The ad, in which a woman experiences several "wardrobe malfunctions" as her tight-fitting top repeatedly comes undone while testifying before a congressional panel, was the only commercial to reference last year's Super Bowl halftime show and the subsequent outcry.

"Somebody had to do it. Somebody had to go right at the thing that we've talked about so much that nobody wanted to talk about anymore," Hanas said. "With that much interest floating around that, there's buzz to be gained.

Bud almost ran a spoof on the incident. "But it was a smaller company with less at stake as far as public image that did."

While humor typically plays a key role in most Super Bowl ads, some of the spots playing for laughs simply weren't funny, Hanas said.
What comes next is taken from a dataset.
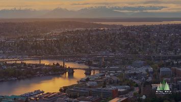 Over Seattle and Lake Union Ship Canal Sunset Reflection Video.mp4

In particular, he disliked Lay's potato chip commercial with MC Hammer dancing for children after being tossed over a fence along with other forgotten relics.
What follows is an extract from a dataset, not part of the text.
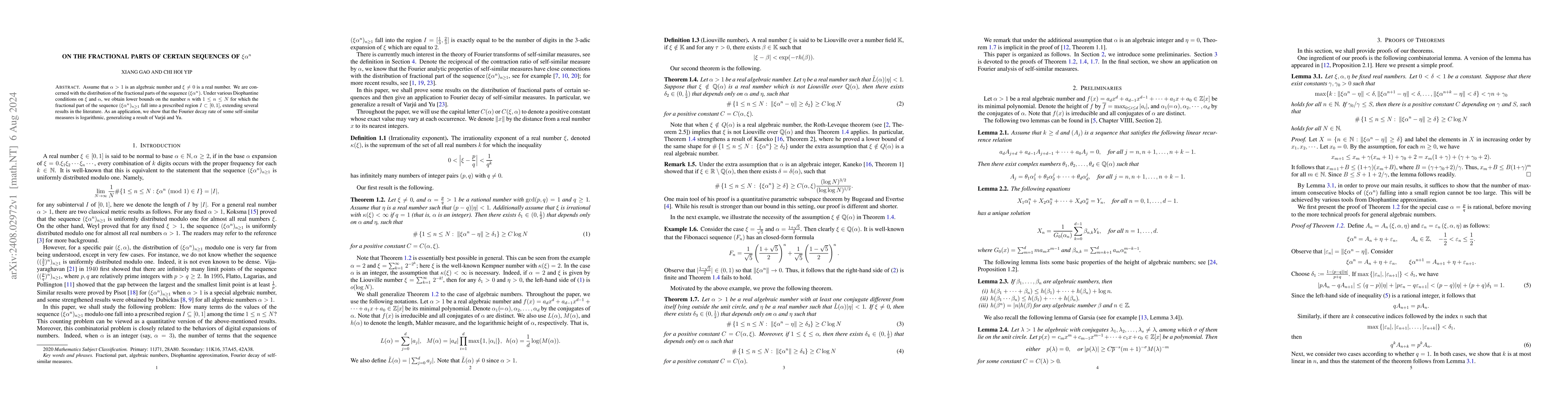This paper investigates the distribution of fractional parts of sequences generated by $(\xi \alpha^{n})$ where $\alpha$ is an algebraic number greater than 1 and $\xi$ is a non-zero real number. It establishes lower bounds for $n$ such that the fractional parts fall into a specified interval under various Diophantine conditions, extending existing results. As an application, it demonstrates that the Fourier decay rate of certain self-similar measures is logarithmic, generalizing prior work.

"It was my least favorite commercial of the game," Hanas said. "The premise didn't really make much sense and it didn't really say much about the product, just that people love it so much they'll do anything.

"I just thought the MC Hammer joke was a very poor use of a semicelebrity."

Hanas also gives a poor grade to online music provider Napster for an ad touting its new subscription service in which a fan at the game holds up a poster board comparing fees for the Napster service and iTunes.

"It wasn't done in the most artful way imaginable," he said. "It really looks like an afterthought to me."

Although Hanas enjoyed the Bud Light commercial featuring the return appearance from last year's Super Bowl ad of the donkey who wanted to be part of the Clydesdale team of horses, he questioned the need for a sequel.

"It's a tradition of Anheuser-Busch ... they get these franchise campaigns and do follow-ups on them," he said. "I think it was good, but I'm not sure if the donkey ad was a big enough hit to carry the follow-up."

The TV spot that puzzled him the most, however, was from Cosentino for its brand of Silestone quartz surfaces. The commercial featured Chicago Bears legends William "The Refrigerator" Perry, Mike Ditka and Jim McMahon, each declaring themselves "Diana Pearl." The punchline to the ad was former NBA badboy Dennis Rodman soaking in a bubble bath stating that he, in fact, was Diana Pearl.

"To me, that is the strangest media buy of the Super Bowl," Hanas said. "That has me scratching my head. I don't know why you would want to go mass-market and buy an ad for something as specialized and niche as quartz-surfacing countertops. I'm not convinced that anyone, after watching that commercial, knows what's being sold."